## The George Washington University  
## STAT 4197/6197 
### Week 2 - DATA Step: Reading Data, and Creating Reports 
### SAS Code Examples - Part 2

* Reading Microsoft Excel Data into SAS Data Set by Using Excel Engine vs. PROC Step (PROC IMPORT)
    
* Using the \_NULL_ Data Set for:
    * Simple calculations
    * Displaying characteritsics of SAS Data Sets
    * Debugging code
    * Creating macro variables from a value in a Data Set
    
    * Creating customized tables and reports by using
        * PUT or PUTLOG statement
        * PUT and FILE statement
        
* Getting SAS Data Set into Excel Spreadheets by Using PROC EXPORT

[6 ways to use the \_NULL_ data set in SAS by Rick Wicklin](https://blogs.sas.com/content/iml/2018/06/11/6-ways-_null_-data-set-sas.html)

* Handling Missing Values
* Specifying the LENGTH Statement for the Numeric in the DATA Step

\_INFILE_ 
* specifies a character variable that references the contents of the current input buffer for this INFILE statement. 

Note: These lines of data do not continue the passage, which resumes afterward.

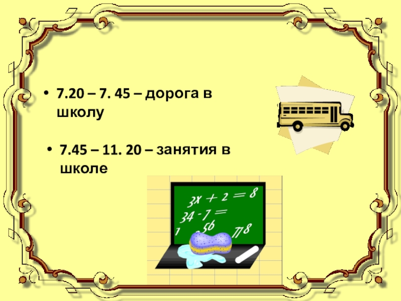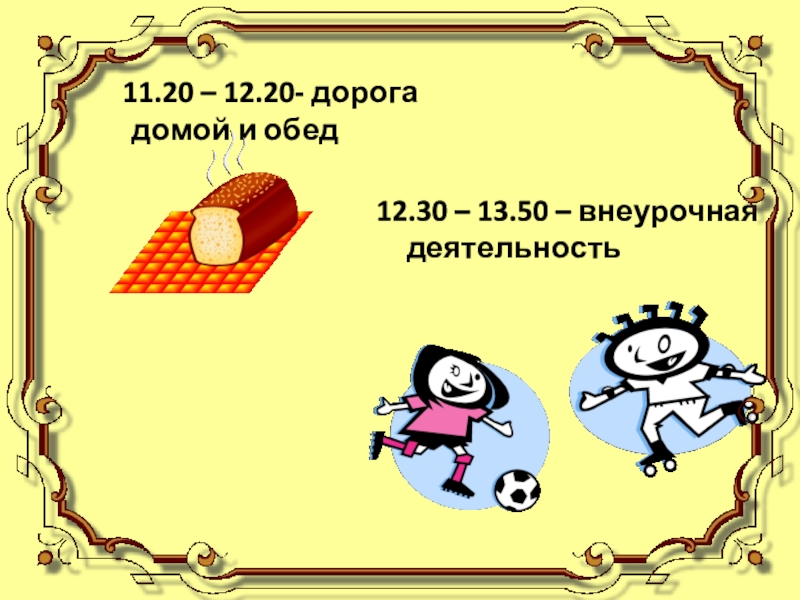 Слайд 8 11.20 – 12.20- дорога домой и обед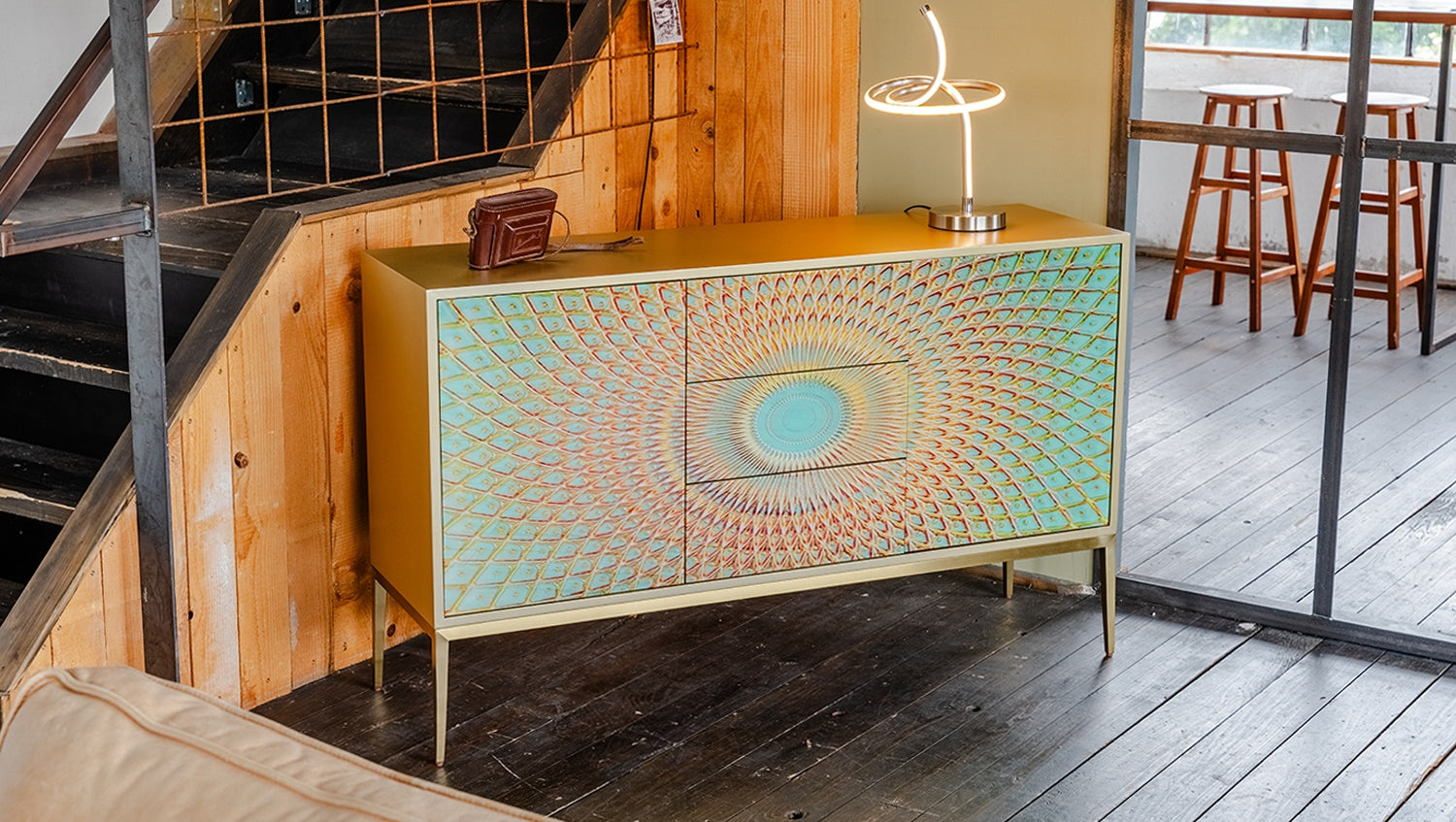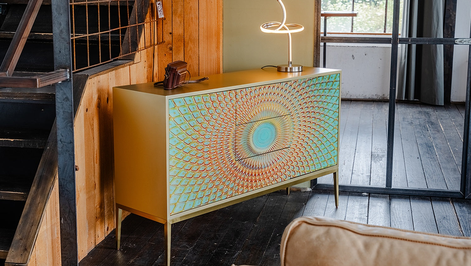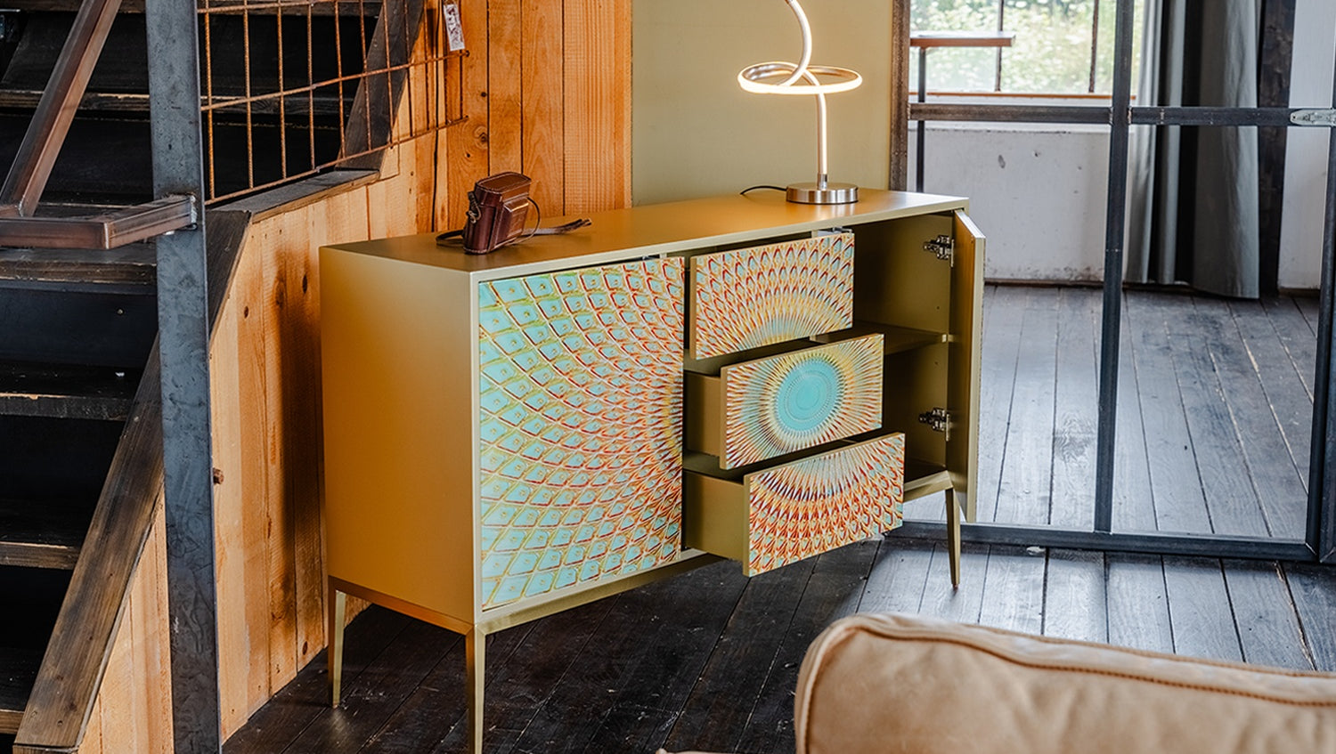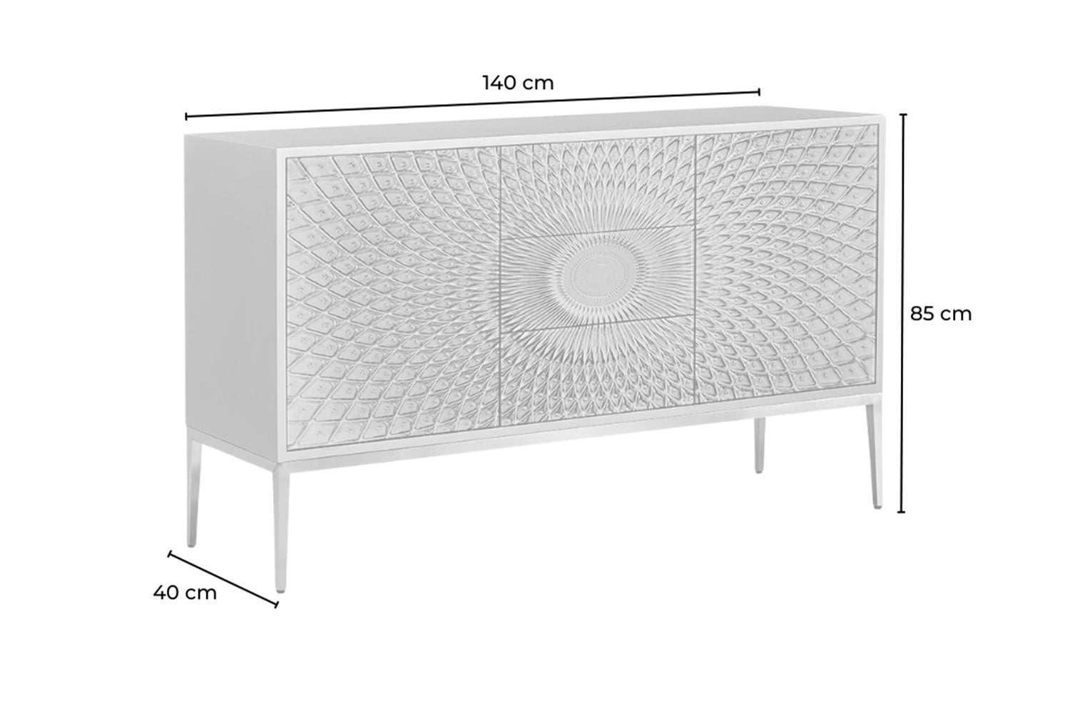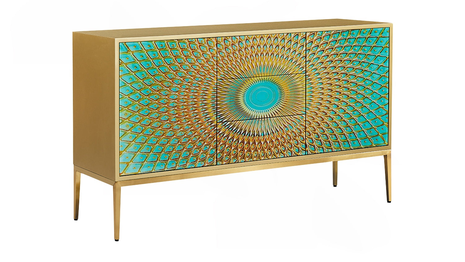 El Aparador KAWOLA LAGO impresiona por su elegante combinación de diseño inusual y funcionalidad práctica. Las puertas y los cajones están revestidos de cristal templado y presentan decoraciones doradas en forma de ojo de pavo real. Las dos puertas y los tres cajones ofrecen un amplio espacio de almacenamiento y pueden abrirse sin esfuerzo gracias al cómodo mecanismo de apertura a presión. Las patas de acero inoxidable cepillado de color dorado crean un aspecto moderno y atemporal a la vez que proporcionan estabilidad. Los estantes variables permiten un uso flexible del interior y se adaptan a sus necesidades. El Aparador LAGO de KAWOLA se integra perfectamente en cualquier ambiente y es ideal para los amantes de los muebles inusuales y elegantes. ¡Descubra la combinación perfecta de diseño y funcionalidad con el Aparador LAGO!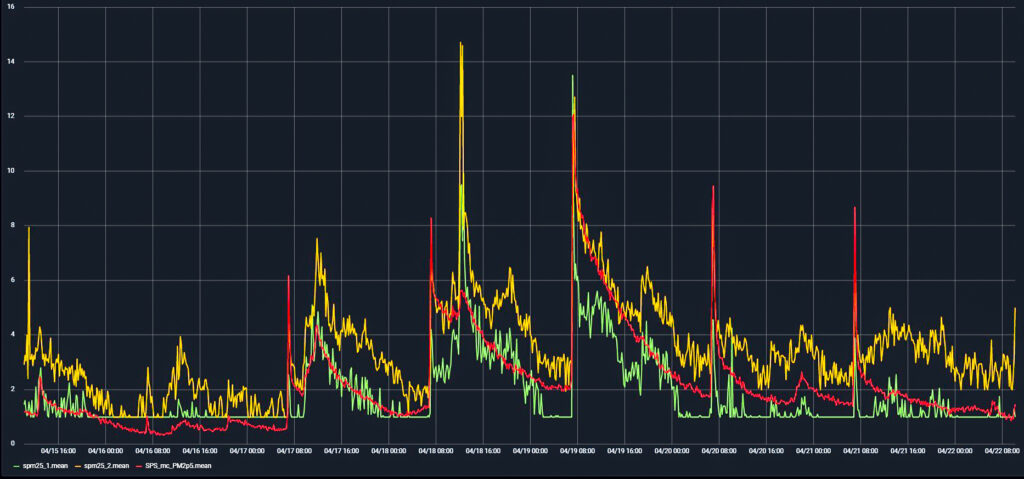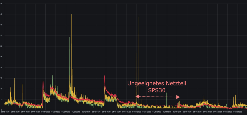 Linksstehend die Messkurven von zwei IKEA-Vindriktning-Feinstaubsensoren (gelbe und grüne Linie) und eines SPS30-Feinstaubsensors (rote Linie). Auffällig ist, dass der SPS30-Sensor Probleme mit nicht-optimierten Netzteilen hat (gekennzeichnet in der Grafik). In diesem Falle war es ein Mehrfach-Ladeteil für Elektronikgeräte (Ausgang 2,1 A). Bei Nutzung eines Netzteil für Raspberry Pi-Geräte gibt es dagegen in der eigenen Erfahrung keine Probleme.

### Reading Excel Spreasheets into SAS Data Sets
#### Method 1: Specifying the XLSX Engine in the LIBNAME Statement

The setting of the VALIDVARNAME system option allows the use of column names that contain embedded spaces and special characters.

The LIBNAME statement references the whole Excel file, which is viewed as a SAS library and, the members inside (spreadsheet or named range) are viewed as data files.
The XLSX engine accesses the XLSX file directly when reading the Excel data into SAS.
Bitness (32-bit versus 64-bit) does not matter.

The SET statement uses the Excel sheet as an input data file for this data step. Below is the SAS Code.

The LIBNAME statement references the whole Excel file, 
 which is viewed as a SAS library and, the members inside 
 (spreadsheet or named range) are viewed as data files.
 
 The SET statement uses the Excel sheet as an input data file 
 for this DATA step. 
 
 The last LIBNAME specifies the libref and clear option to disassociate the libref from the SAS library.

In [None]:
*Ex20_Import_Excel_x.sas (Part 1);
options validvarname=any nonotes nosource;
libname XL XLSX 'C:\SASCourse\Week2\SAS_Codes\Class.xlsx';
data work.class;
  set XL.Sheet1;
run;
libname XL CLEAR; 
proc print data=work.class (obs=5); 
run;


### Reading Excel Spreasheets into SAS Data Set
#### Method 2: PROC IMPORT 

In [None]:
*Ex20_Import_Excel_x.sas (Part 2);
 options nodate nonumber nodate;
  PROC IMPORT DATAFILE= "C:\SASCourse\Week2\SAS_Codes\class.xlsx"
     dbms=xlsx REPLACE OUT= work.class_x;
     SHEET="Sheet1";
     GETNAMES=YES;
 RUN;
Title;
 proc print data=work.class_x (obs=5); 
 run;


### Use DATA  \_Null_ as if you are using a calculator

In [None]:
options nocenter  nonotes  nonumber nodate nosource;
ods html close;
data _Null_;
* You have been given the following two pieces of information;
height = 69.0;
weight = 112.5 ;

* Caclculate the body mass index (BMI) based on height (in inches) and weight (in pounds);
BMI = round((weight / (height*height) ) * 703, .1);

* Convert height (in inches) to height (in meters);
    height_in_meters = round(height * 0.0254, .01);
 put   height=F5.1  weight= bmi=  height_in_meters=;
 
RUN;



### Displaying Characteristics of SAS Data Sets by Using DATA \_NULL_

#### The following code is obtained from [Rick Wicklin](https://blogs.sas.com/content/iml/2018/06/11/6-ways-_null_-data-set-sas.html)

In [None]:
data _NULL_;
set Sashelp.Class;
array char[*} $ _CHAR_;
array num[*} _NUMERIC_;
nCharVar  = dim(char);
nNumerVar = dim(num);
put "Sashelp.Class: " nCharVar= nNumerVar= ;
stop;   /* stop processing after first observation */
run;

### Creating macro variables from a value in a Data Set

In [None]:
*Ex51_Motivation_for_macro_variables (Part 1);
options nocenter nodate nonumber nosource;
ods html close;
proc means data=sashelp.class mean maxdec=1 noprint;
 var weight;
 output out=stats mean=average_wgt;
run;

*The following code will fail and is prevented from execution by changing the cell type to Markdown);
data test;

 set SASHELP.class;
 
 *This line of code does not work;
 
 weight_ratio=weight/OVERALL_MEAN; run;

### Note for the SAS code in the next cell
#### This CALL SYMPUTX routine has two parameters separated by a comma inside parentheses.  
* The first parameter, a constant enclosed in quote marks (OVERALL_MEAN) is the name of the macro variable being created. 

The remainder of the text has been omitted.